From that time on, the world was hers for the reading....

Thursday, July 22, 2010

Maureen Johnson: Scarlett Fever

I'm a big fan of Maureen Johnson. Her Twitter is entertaining. She writes amazing books. She's one of my writing heroes. I thought Suite Scarlett was a fun book, so I was excited to read the sequel, Scarlett Fever!

Ever since Mrs. Amberson, the former-aspiring-actress-turned-agent, entered Scarlett Martin's life, nothing has been the same.

She's still in charge of the Empire Suite in her family's hotel, but she's now also Mrs. Amberson's assistant, running around town for her star client, Chelsea - a Broadway star Scarlett's age with a knack for making her feel insignificant.

Scarlett's also trying to juggle sophomore year classes, her lab partner who is being just a little TOO nice, and getting over the boy who broke her heart.

In the midst of all this, her parents drop a bombshell that threatens to change her New York life forever...

Scarlett Fever picks up a few weeks after the first book ends, so it doesn't take long to get going. In fact, with Scarlett juggling school, helping her family, nursing a broken heart, and working for the very eccentric Mrs. Amberson, her frenzied life makes for a fast-paced book that I wanted to devour in one sitting. But I decided to pace myself and soak up the story, which Maureen Johnson filled with whimsical characters and lively adventures.

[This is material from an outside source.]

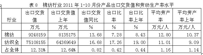從行業(yè)產(chǎn)品出口交貨值和勞動(dòng)生產(chǎn)率水平看,2011年1-10月份棉紡行業(yè)產(chǎn)品出口交貨值為924.82億元,占紡織全行業(yè)的12.31%;出口交貨值比上年同期增加13.68%;該行業(yè)產(chǎn)品出口比率(出口交貨值/工業(yè)銷售產(chǎn)值)為7.28%,而上年同期為8.43%,表明該行業(yè)產(chǎn)品出口狀況較好;從勞動(dòng)生產(chǎn)率的水平看,2011年1-10月份棉紡行業(yè)平均勞產(chǎn)率(工業(yè)增加值/從業(yè)人數(shù))為12.80萬(wàn)元/人,而上年同期為10.37萬(wàn)元/人,表明該行業(yè)勞動(dòng)生產(chǎn)率的實(shí)際水平較為理想。

The Martin family, as always, was very lovable. Their struggles to take care of their family and maintain a cash-strapped hotel in a city filled with some of richest people in the world was realistic without being too preachy. I always root for the scrappy underdog, especially when they're as charismatic and well-deserving of good things as the Martins are. I'd love to be a guest at the Hopewell Hotel.

Some things were predictable, like the storyline revolving around Spencer's big acting break. But the way it was written was side-splitting funny.

And, while it was a bit under-whelming, I was glad to see Marlene's storyline extended. Her suspiciously nice behavior caught me--and Scarlett--off guard.

Lola's role in the book was heartbreaking, but quietly so. I think it's fascinating that in the midst of such a raucous world, there's a vulnerable, drama-free character who manages to stir up controversy and shock everyone.

One of the things Maureen Johnson rocks at doing is developing complex characters, and the introduction of Broadway star Chelsea, Scarlett's lab partner Max, school friends, and even a neurotic dog named Murray, was no exception. I enjoyed the interactions and the way Scarlett could land smack-dab in the middle of any plot and not feel out of place or forced there.

Even better, it was great to see a female protagonist deal with a breakup and her feelings for a boy without coming off as silly. Sure, she was a little obsessive (How many times can you watch a single YouTube video?), but she had a life and friends outside of Eric.

I think you'd have to read Suite Scarlett to understand what's going on in this book, but it's worth it. Both are great reads. In fact, Scarlett Fever far exceeded my expectations and was even more charming and hilarious than its predecessor. That's rare.

In short, I loved this book. The cliffhanger ending left me pouting and wanting more.